*** Begin section ***

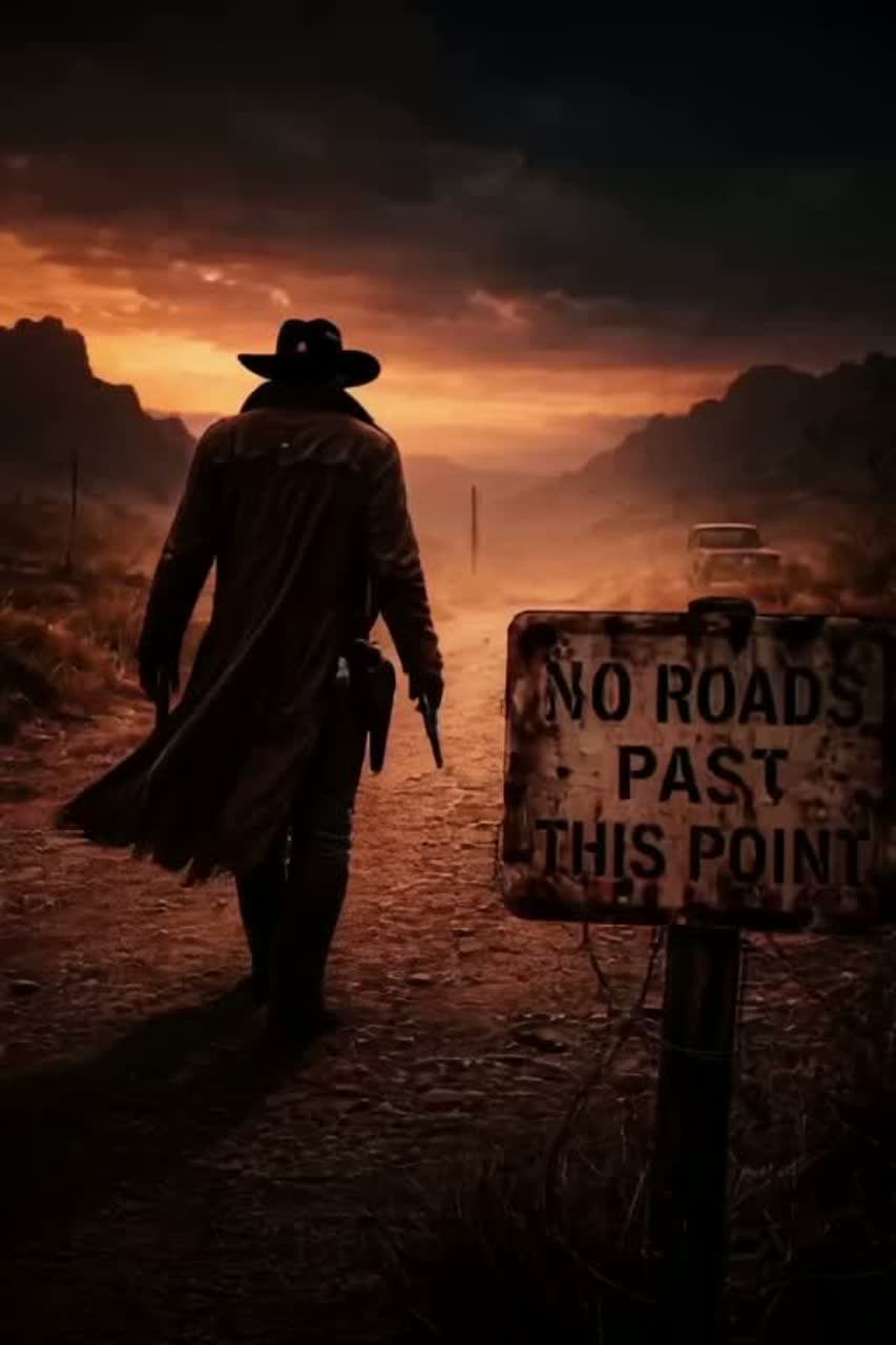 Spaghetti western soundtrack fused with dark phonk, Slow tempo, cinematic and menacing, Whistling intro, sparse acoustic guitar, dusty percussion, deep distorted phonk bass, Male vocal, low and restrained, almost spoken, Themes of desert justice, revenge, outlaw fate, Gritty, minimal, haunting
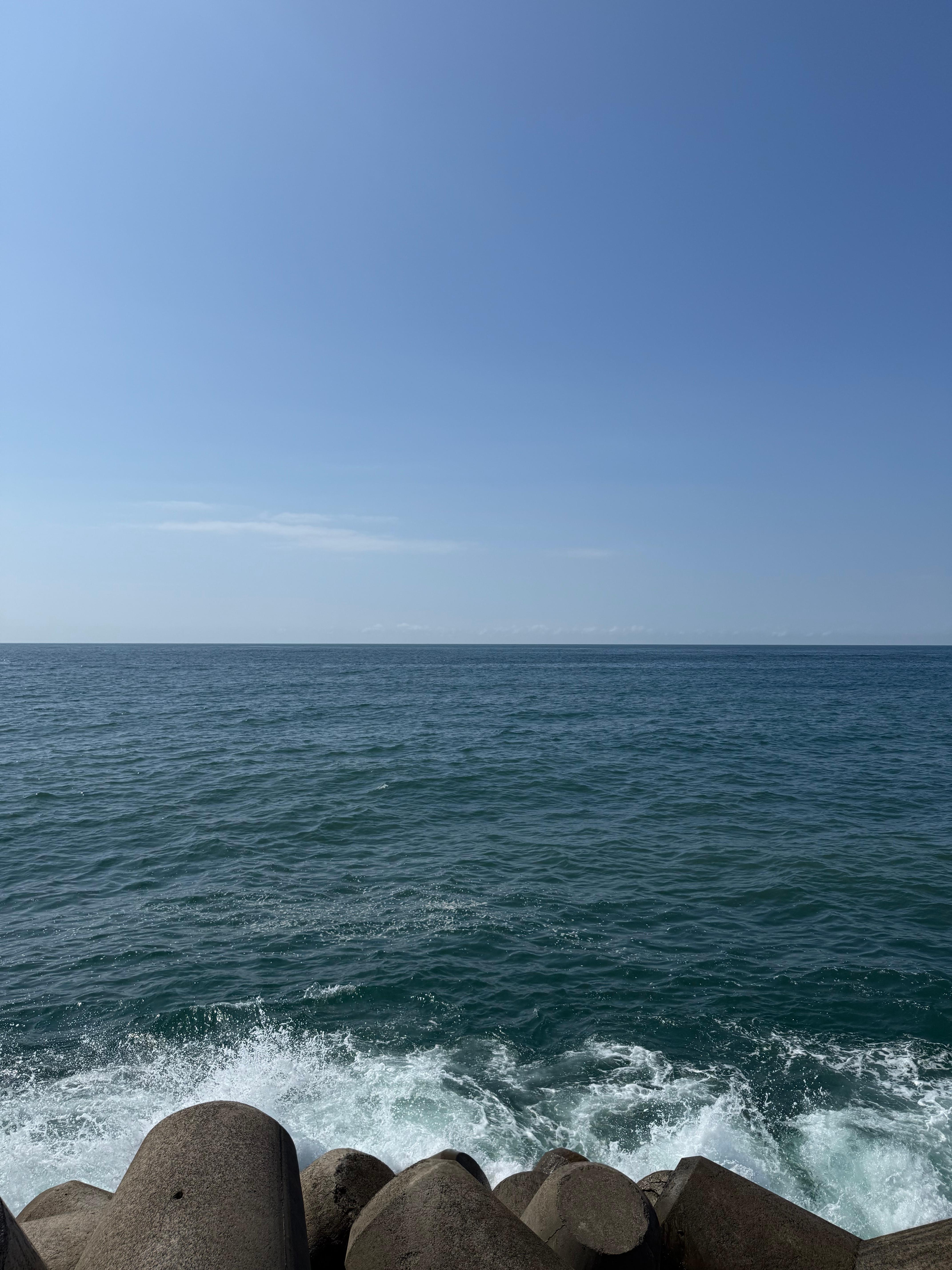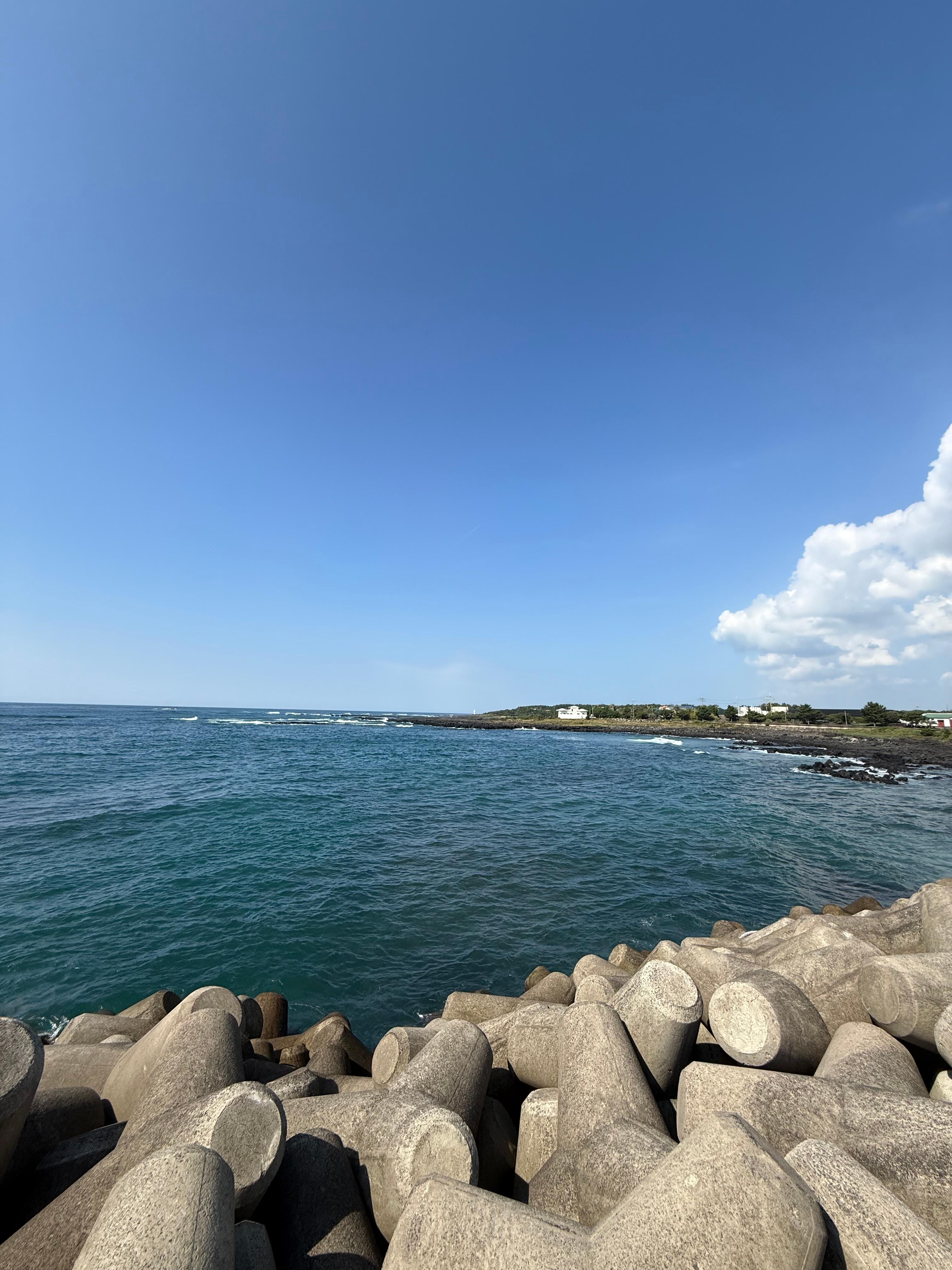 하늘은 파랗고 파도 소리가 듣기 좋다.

*** End section ***
*** Begin section ***

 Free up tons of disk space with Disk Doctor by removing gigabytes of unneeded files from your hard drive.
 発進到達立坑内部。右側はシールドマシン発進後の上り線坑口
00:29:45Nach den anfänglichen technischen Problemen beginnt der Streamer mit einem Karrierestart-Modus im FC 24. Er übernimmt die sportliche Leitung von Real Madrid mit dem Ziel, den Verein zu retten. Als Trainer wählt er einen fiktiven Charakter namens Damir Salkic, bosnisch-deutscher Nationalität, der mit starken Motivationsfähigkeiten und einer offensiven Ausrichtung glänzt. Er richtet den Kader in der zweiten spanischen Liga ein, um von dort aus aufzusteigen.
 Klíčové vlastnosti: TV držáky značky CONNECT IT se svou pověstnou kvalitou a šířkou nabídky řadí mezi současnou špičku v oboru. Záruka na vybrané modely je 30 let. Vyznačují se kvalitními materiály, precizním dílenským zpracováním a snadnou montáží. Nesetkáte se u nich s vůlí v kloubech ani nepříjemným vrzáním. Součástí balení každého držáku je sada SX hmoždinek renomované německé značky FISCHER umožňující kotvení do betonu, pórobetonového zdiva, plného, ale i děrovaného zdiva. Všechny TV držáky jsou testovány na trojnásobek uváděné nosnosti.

*** End section ***

> [Problem details]
Return only the stretch of the material above from the line holding "Free up tons" through the line holding "発進到達立坑内部。右側はシールドマシン発進後の上り線坑口", copied exactly.

> [Problem solution]
 Free up tons of disk space with Disk Doctor by removing gigabytes of unneeded files from your hard drive.
 発進到達立坑内部。右側はシールドマシン発進後の上り線坑口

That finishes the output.